• _Stored records_:
──────────
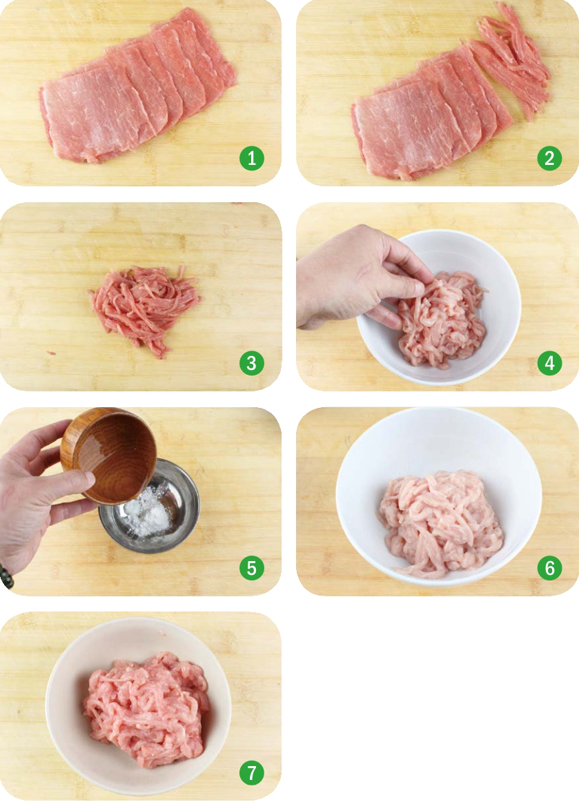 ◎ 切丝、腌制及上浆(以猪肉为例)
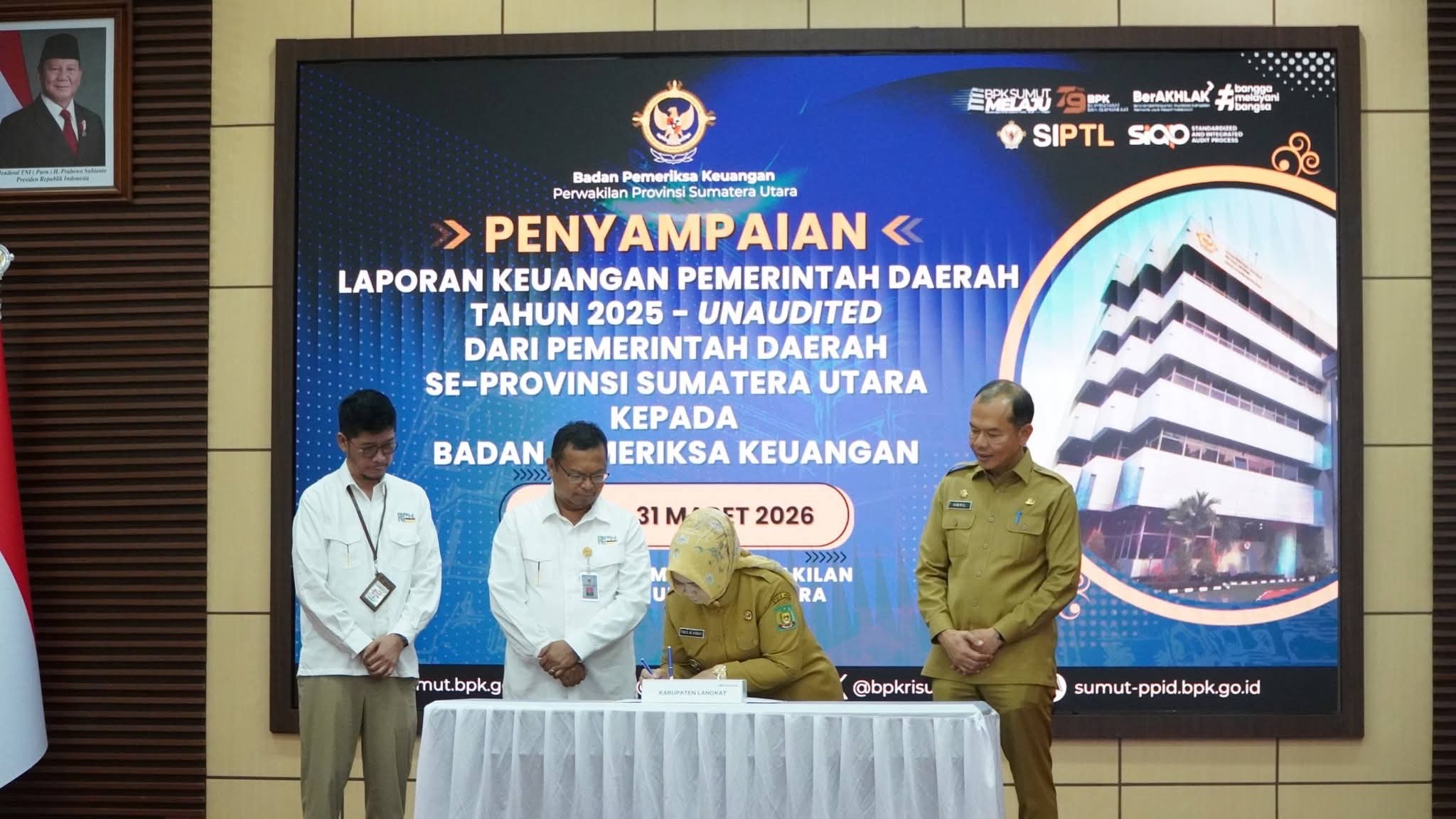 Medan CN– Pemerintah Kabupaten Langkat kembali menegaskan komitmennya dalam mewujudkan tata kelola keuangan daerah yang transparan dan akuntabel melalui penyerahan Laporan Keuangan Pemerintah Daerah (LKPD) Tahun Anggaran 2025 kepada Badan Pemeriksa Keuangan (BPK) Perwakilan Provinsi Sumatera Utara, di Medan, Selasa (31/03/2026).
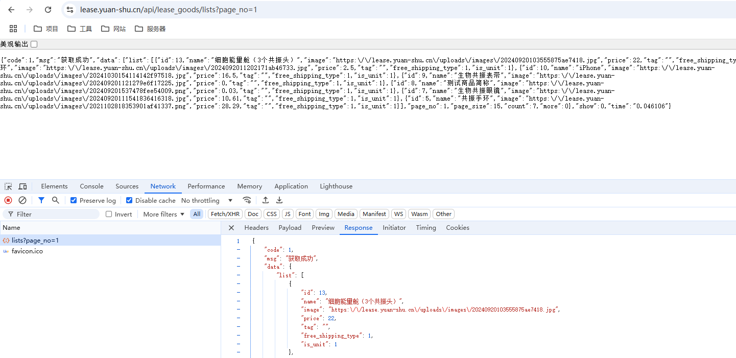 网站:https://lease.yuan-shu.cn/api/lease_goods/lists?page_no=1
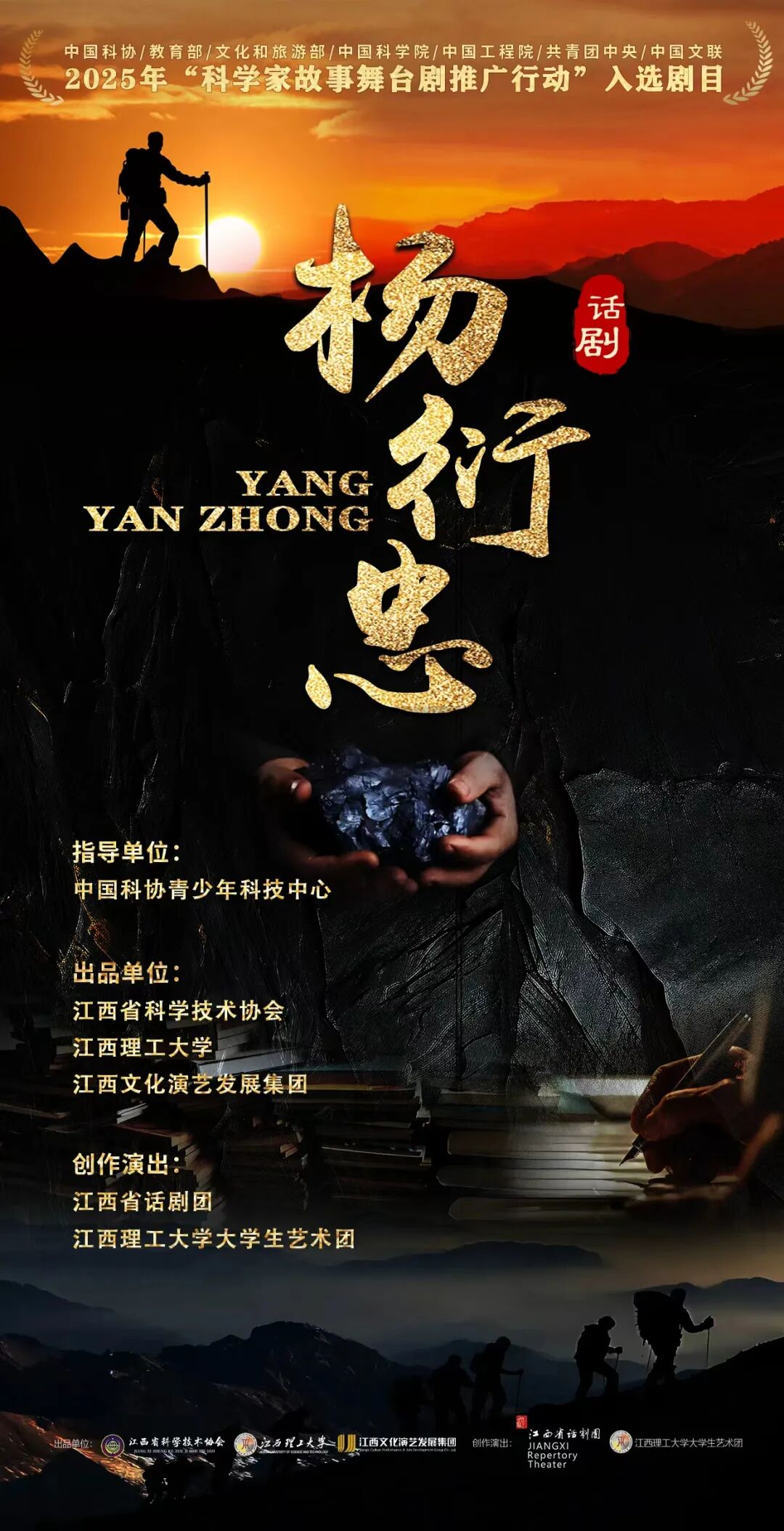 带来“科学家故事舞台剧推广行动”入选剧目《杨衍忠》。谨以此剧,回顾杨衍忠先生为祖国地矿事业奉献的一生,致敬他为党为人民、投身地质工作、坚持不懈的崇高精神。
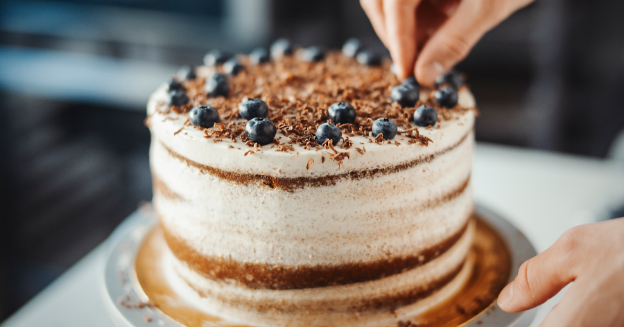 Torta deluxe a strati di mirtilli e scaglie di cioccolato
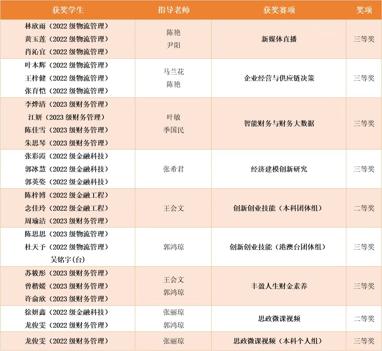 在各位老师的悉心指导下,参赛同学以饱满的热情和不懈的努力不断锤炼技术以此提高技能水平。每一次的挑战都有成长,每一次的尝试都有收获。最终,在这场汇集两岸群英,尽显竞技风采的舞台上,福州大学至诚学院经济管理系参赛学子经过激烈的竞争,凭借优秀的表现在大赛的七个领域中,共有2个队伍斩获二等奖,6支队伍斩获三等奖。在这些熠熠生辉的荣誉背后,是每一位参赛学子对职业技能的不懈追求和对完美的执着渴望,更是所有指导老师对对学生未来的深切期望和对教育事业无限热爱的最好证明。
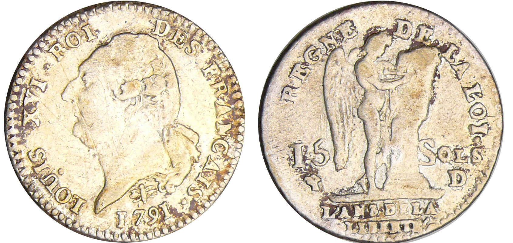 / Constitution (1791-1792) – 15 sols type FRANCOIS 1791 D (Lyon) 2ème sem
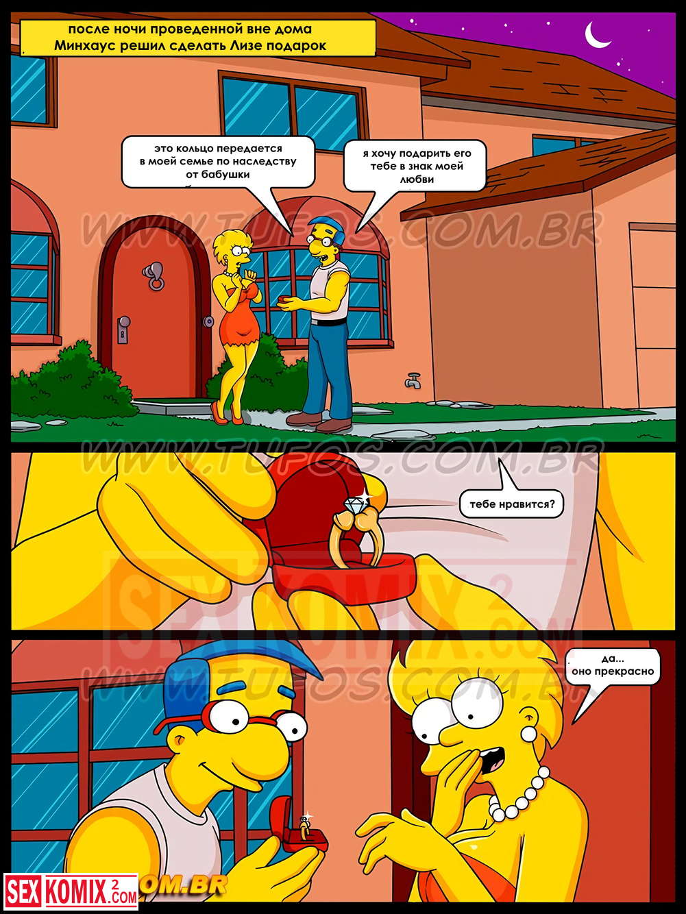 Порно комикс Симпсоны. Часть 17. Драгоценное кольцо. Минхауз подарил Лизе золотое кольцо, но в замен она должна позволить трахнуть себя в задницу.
──────────
• _Work to complete_: Return only the lines from the one that contains "在各位老师的悉心指导下,参赛" through the closing line of the data, inclusive, reproduced exactly and with every picture left out.

• _Written answer_:
 在各位老师的悉心指导下,参赛同学以饱满的热情和不懈的努力不断锤炼技术以此提高技能水平。每一次的挑战都有成长,每一次的尝试都有收获。最终,在这场汇集两岸群英,尽显竞技风采的舞台上,福州大学至诚学院经济管理系参赛学子经过激烈的竞争,凭借优秀的表现在大赛的七个领域中,共有2个队伍斩获二等奖,6支队伍斩获三等奖。在这些熠熠生辉的荣誉背后,是每一位参赛学子对职业技能的不懈追求和对完美的执着渴望,更是所有指导老师对对学生未来的深切期望和对教育事业无限热爱的最好证明。
 / Constitution (1791-1792) – 15 sols type FRANCOIS 1791 D (Lyon) 2ème sem
 Порно комикс Симпсоны. Часть 17. Драгоценное кольцо. Минхауз подарил Лизе золотое кольцо, но в замен она должна позволить трахнуть себя в задницу.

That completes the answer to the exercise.